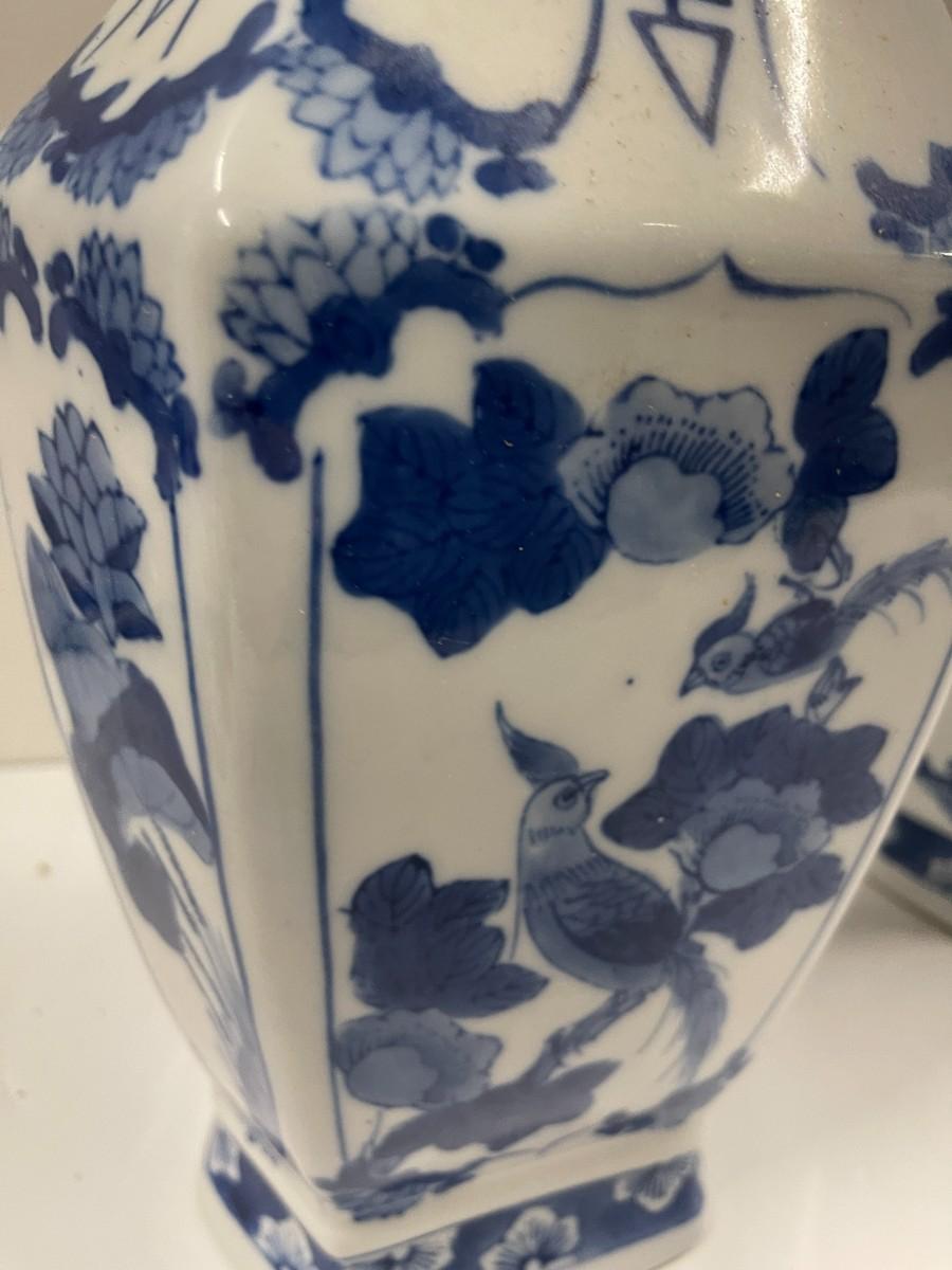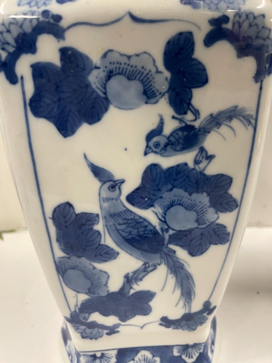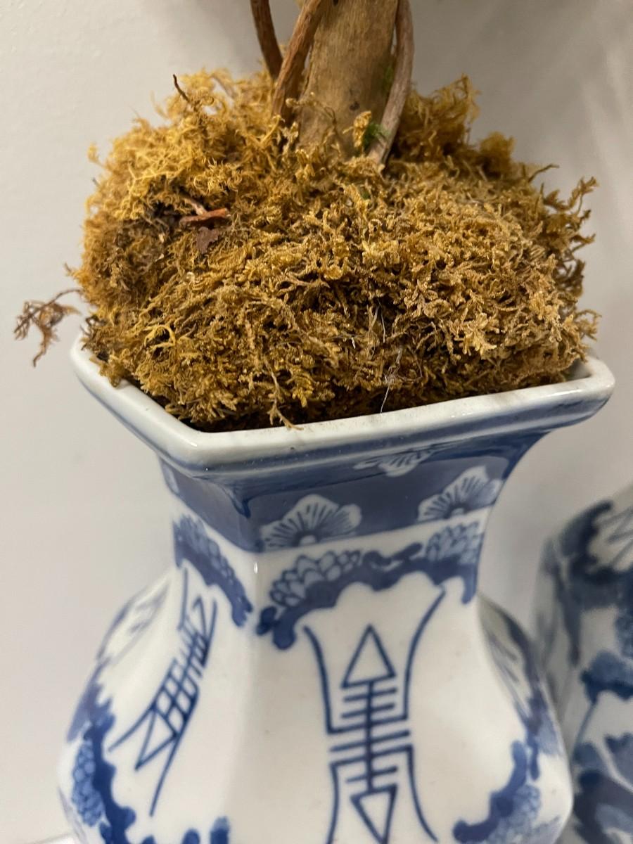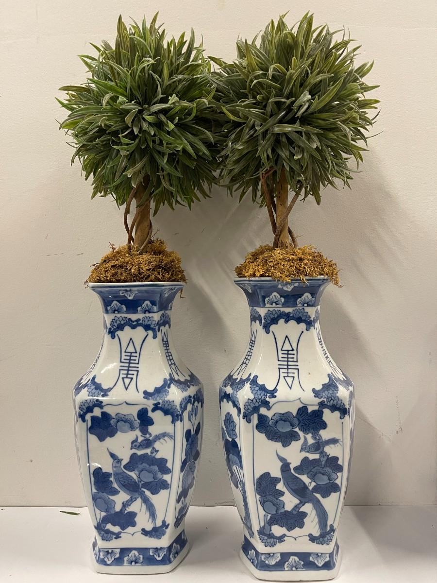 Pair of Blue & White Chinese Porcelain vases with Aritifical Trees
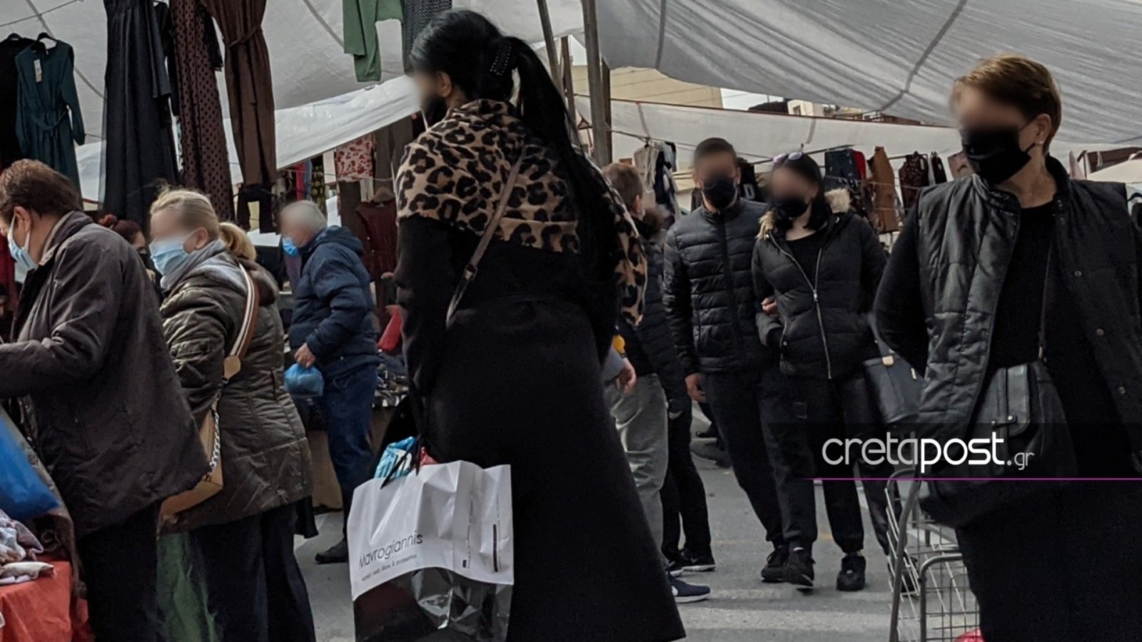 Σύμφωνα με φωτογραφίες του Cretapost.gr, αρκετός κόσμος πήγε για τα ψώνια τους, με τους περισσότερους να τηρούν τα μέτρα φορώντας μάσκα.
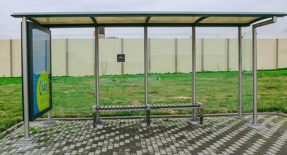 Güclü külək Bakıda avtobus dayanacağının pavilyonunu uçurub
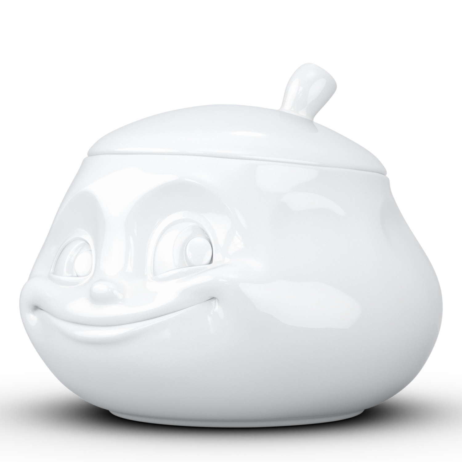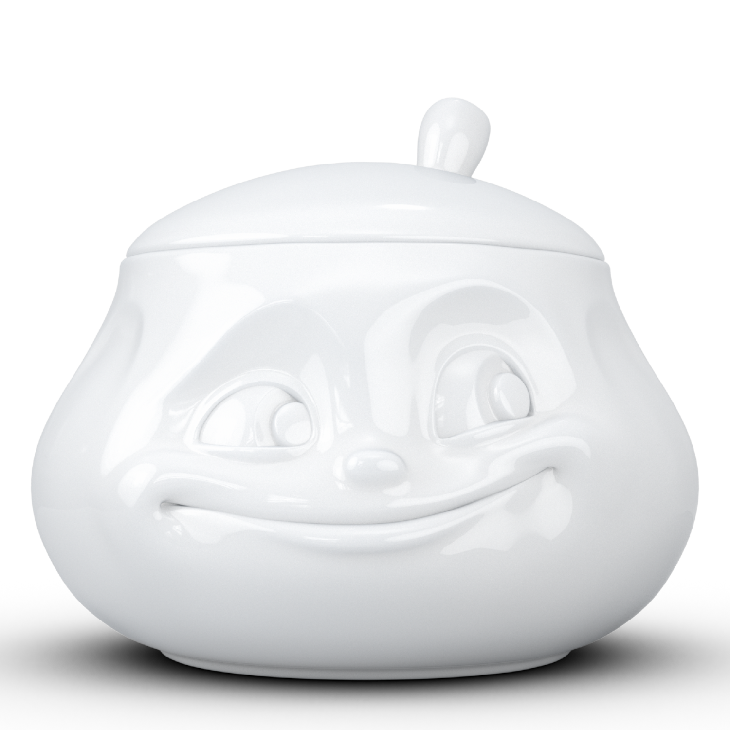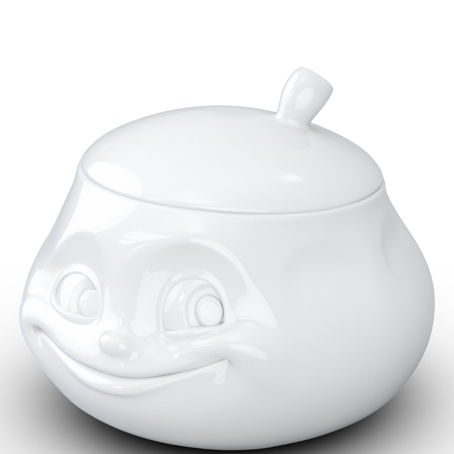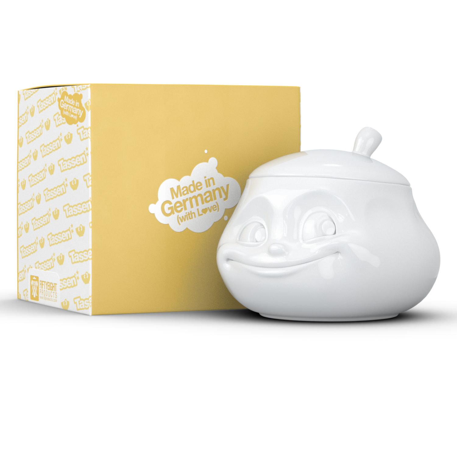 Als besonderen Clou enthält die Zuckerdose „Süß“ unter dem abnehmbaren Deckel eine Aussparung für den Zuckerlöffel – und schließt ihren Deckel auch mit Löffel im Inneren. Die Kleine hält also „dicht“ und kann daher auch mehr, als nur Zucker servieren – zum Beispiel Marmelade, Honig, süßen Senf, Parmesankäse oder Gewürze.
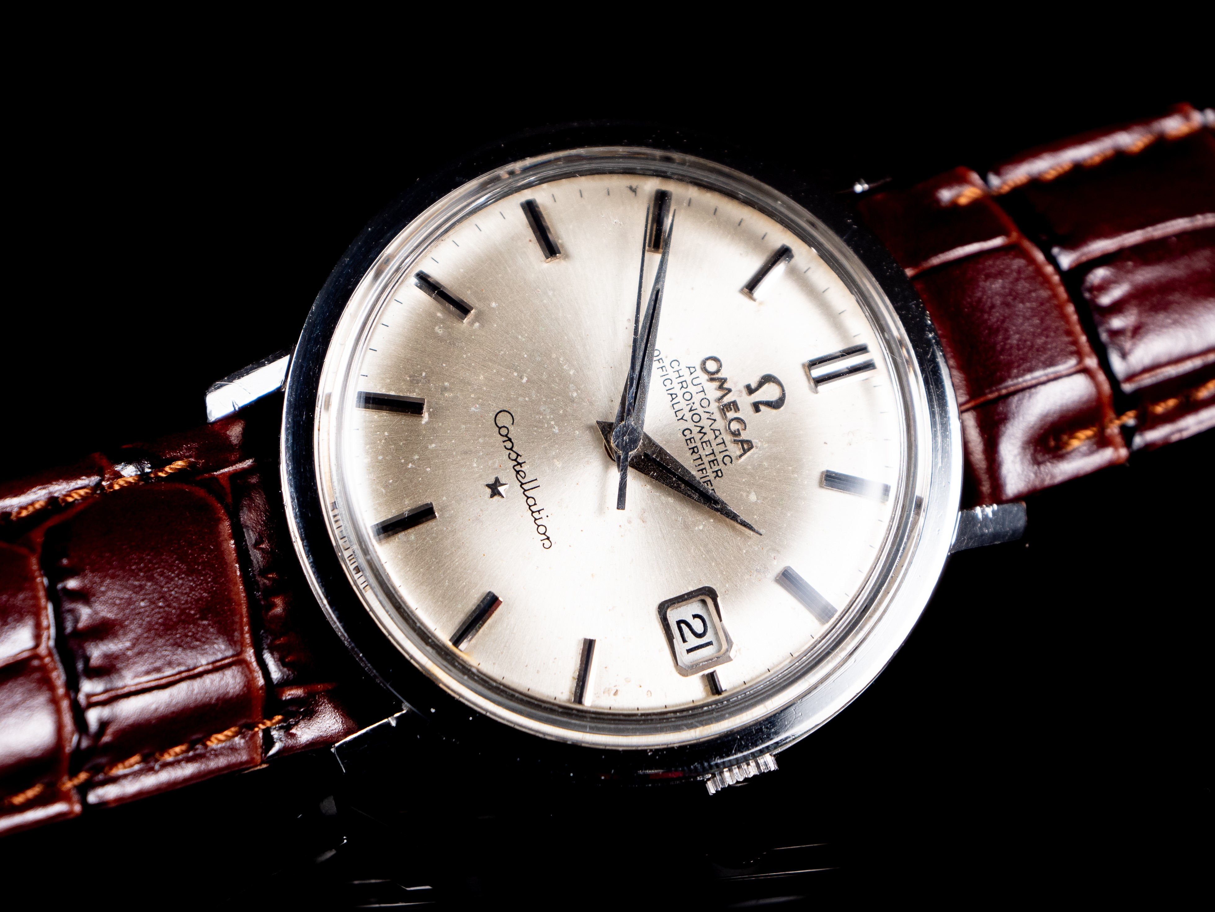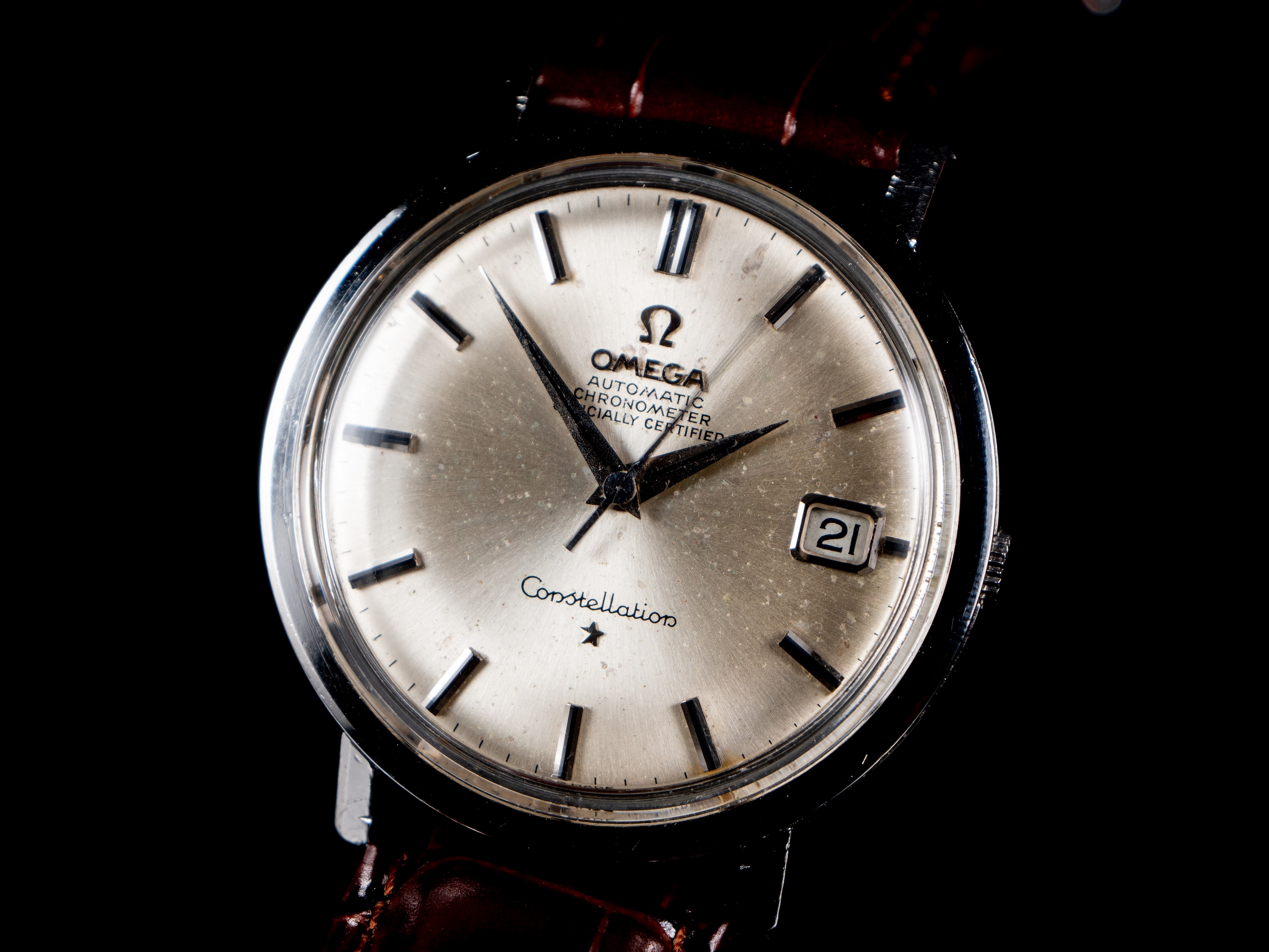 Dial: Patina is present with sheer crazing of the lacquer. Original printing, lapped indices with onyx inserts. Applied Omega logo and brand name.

□ □ □ □ □ □ □

### INSTRUCTIONS TO FOLLOW
Line by line, transcribe the records exactly, omitting the images.

### YOUR RESPONSE
 Pair of Blue & White Chinese Porcelain vases with Aritifical Trees
 Σύμφωνα με φωτογραφίες του Cretapost.gr, αρκετός κόσμος πήγε για τα ψώνια τους, με τους περισσότερους να τηρούν τα μέτρα φορώντας μάσκα.
 Güclü külək Bakıda avtobus dayanacağının pavilyonunu uçurub
 Als besonderen Clou enthält die Zuckerdose „Süß“ unter dem abnehmbaren Deckel eine Aussparung für den Zuckerlöffel – und schließt ihren Deckel auch mit Löffel im Inneren. Die Kleine hält also „dicht“ und kann daher auch mehr, als nur Zucker servieren – zum Beispiel Marmelade, Honig, süßen Senf, Parmesankäse oder Gewürze.
 Dial: Patina is present with sheer crazing of the lacquer. Original printing, lapped indices with onyx inserts. Applied Omega logo and brand name.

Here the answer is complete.